*** Opening Entries provided ***

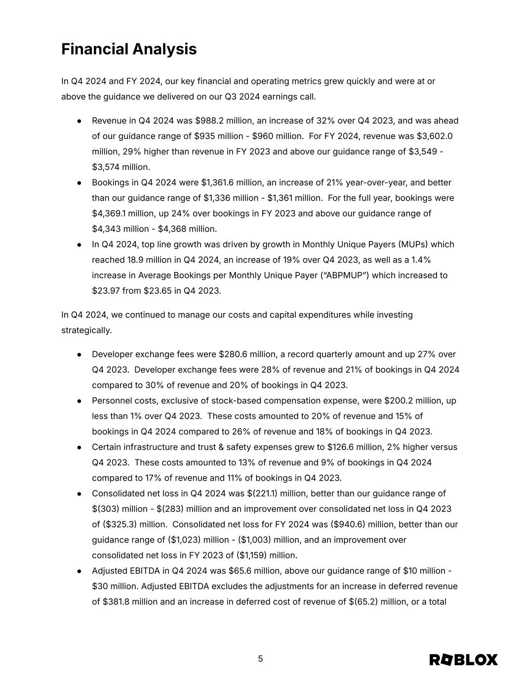 Financial Analysis In Q4 2024 and FY 2024, our key financial and operating metrics grew quickly and were at or above the guidance we delivered on our Q3 2024 earnings call. ● Revenue in Q4 2024 was $988.2 million, an increase of 32% over Q4 2023, and was ahead of our guidance range of $935 million - $960 million. For FY 2024, revenue was $3,602.0 million, 29% higher than revenue in FY 2023 and above our guidance range of $3,549 - $3,574 million. ● Bookings in Q4 2024 were $1,361.6 million, an increase of 21% year-over-year, and better than our guidance range of $1,336 million - $1,361 million. For the full year, bookings were $4,369.1 million, up 24% over bookings in FY 2023 and above our guidance range of $4,343 million - $4,368 million. ● In Q4 2024, top line growth was driven by growth in Monthly Unique Payers MUPs which reached 18.9 million in Q4 2024, an increase of 19% over Q4 2023, as well as a 1.4% increase in Average Bookings per Monthly Unique Payer (“ABPMUPˮ) which increased to $23.97 from $23.65 in Q4 2023. In Q4 2024, we continued to manage our costs and capital expenditures while investing strategically. ● Developer exchange fees were $280.6 million, a record quarterly amount and up 27% over Q4 2023. Developer exchange fees were 28% of revenue and 21% of bookings in Q4 2024 compared to 30% of revenue and 20% of bookings in Q4 2023. ● Personnel costs, exclusive of stock-based compensation expense, were $200.2 million, up less than 1% over Q4 2023. These costs amounted to 20% of revenue and 15% of bookings in Q4 2024 compared to 26% of revenue and 18% of bookings in Q4 2023. ● Certain infrastructure and trust & safety expenses grew to $126.6 million, 2% higher versus Q4 2023. These costs amounted to 13% of revenue and 9% of bookings in Q4 2024 compared to 17% of revenue and 11% of bookings in Q4 2023. ● Consolidated net loss in Q4 2024 was $221.1 million, better than our guidance range of $303 million - $283 million and an improvement over consolidated net loss in Q4 2023 of $325.3 million. Consolidated net loss for FY 2024 was $940.6 million, better than our guidance range of $1,023 million - $1,003 million, and an improvement over consolidated net loss in FY 2023 of $1,159 million. ● Adjusted EBITDA in Q4 2024 was $65.6 million, above our guidance range of $10 million - $30 million. Adjusted EBITDA excludes the adjustments for an increase in deferred revenue of $381.8 million and an increase in deferred cost of revenue of $65.2 million, or a total 5
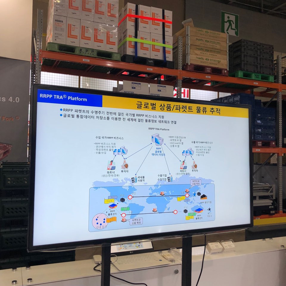 한 편, 한쪽에서는 RRPP PooL 시스템 도입을 해주는 회사도 있었습니다. 위의 동영상은 사업설명과 개요입니다. 물류 용기를 제공하는 업체이고, 토탈 물류서비스를 제공하고자 했습니다.
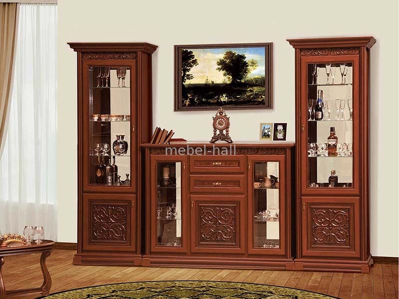 Витрина 1Д ЛАЦИО - красивая витрина в гостиную украинского производителя Світ Меблів. Выполнена в классическом стиле. Фасады украшены патиной, что придает мебели эффект старения, и оригинальными ручками.
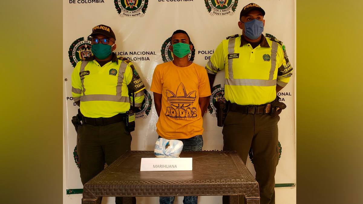 Los agentes hallaron en un bolso que llevaba escondidos 500 gramos de marihuana, por lo que de inmediato le fueron leídos sus derechos como persona capturada y dejada a disposición de la Fiscalía de Sabanalarga por el delito de fabricación, tráfico y/o porte de estupefacientes.
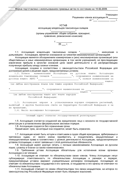 - 48Устав ассоциации владельцев таможенных складов (органы управления: общее собрание, президент, правление, ревизионная комиссия)
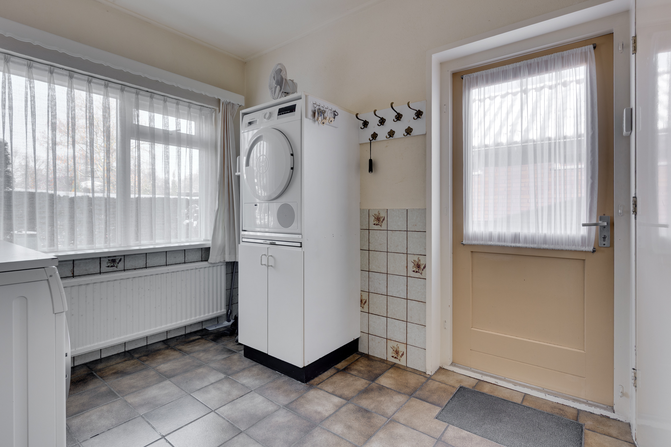 BEGANE GROND: Entree/ hal, meterkast, toilet; eet- woonkamer; keuken; slaapkamer; badkamer v.v. wastafel, douche en ligbad; bijkeuken v.v. fontein en wasmachine aansluiting en toegang tot de achtertuin; berging/ kantoor; garage.
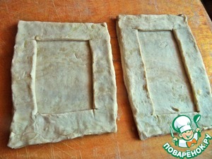 Две части послужат основой, из двух вырезаем оконца. Приклеиваем их взбитым яйцом к основе.
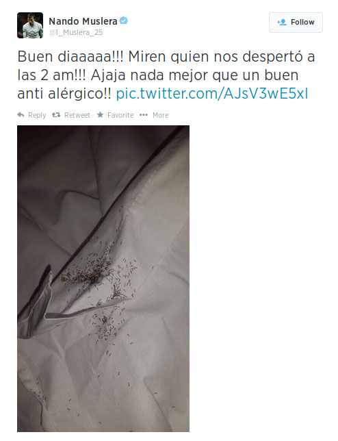 Muslera kemudian sempat mengunggah foto kamarnya yang penuh dengan rayap, yang kemudian lebih terlihat seperti semut, dalam akun Twitter miliknya.

*** Closing Entries provided ***

• **Work task**: No pictures should appear in the answer, which is to be the lines from the line with "BEGANE GROND: Entree/" through the end of the records above, restated exactly.

• **Exercise result**:
 BEGANE GROND: Entree/ hal, meterkast, toilet; eet- woonkamer; keuken; slaapkamer; badkamer v.v. wastafel, douche en ligbad; bijkeuken v.v. fontein en wasmachine aansluiting en toegang tot de achtertuin; berging/ kantoor; garage.
 Две части послужат основой, из двух вырезаем оконца. Приклеиваем их взбитым яйцом к основе.
 Muslera kemudian sempat mengunggah foto kamarnya yang penuh dengan rayap, yang kemudian lebih terlihat seperti semut, dalam akun Twitter miliknya.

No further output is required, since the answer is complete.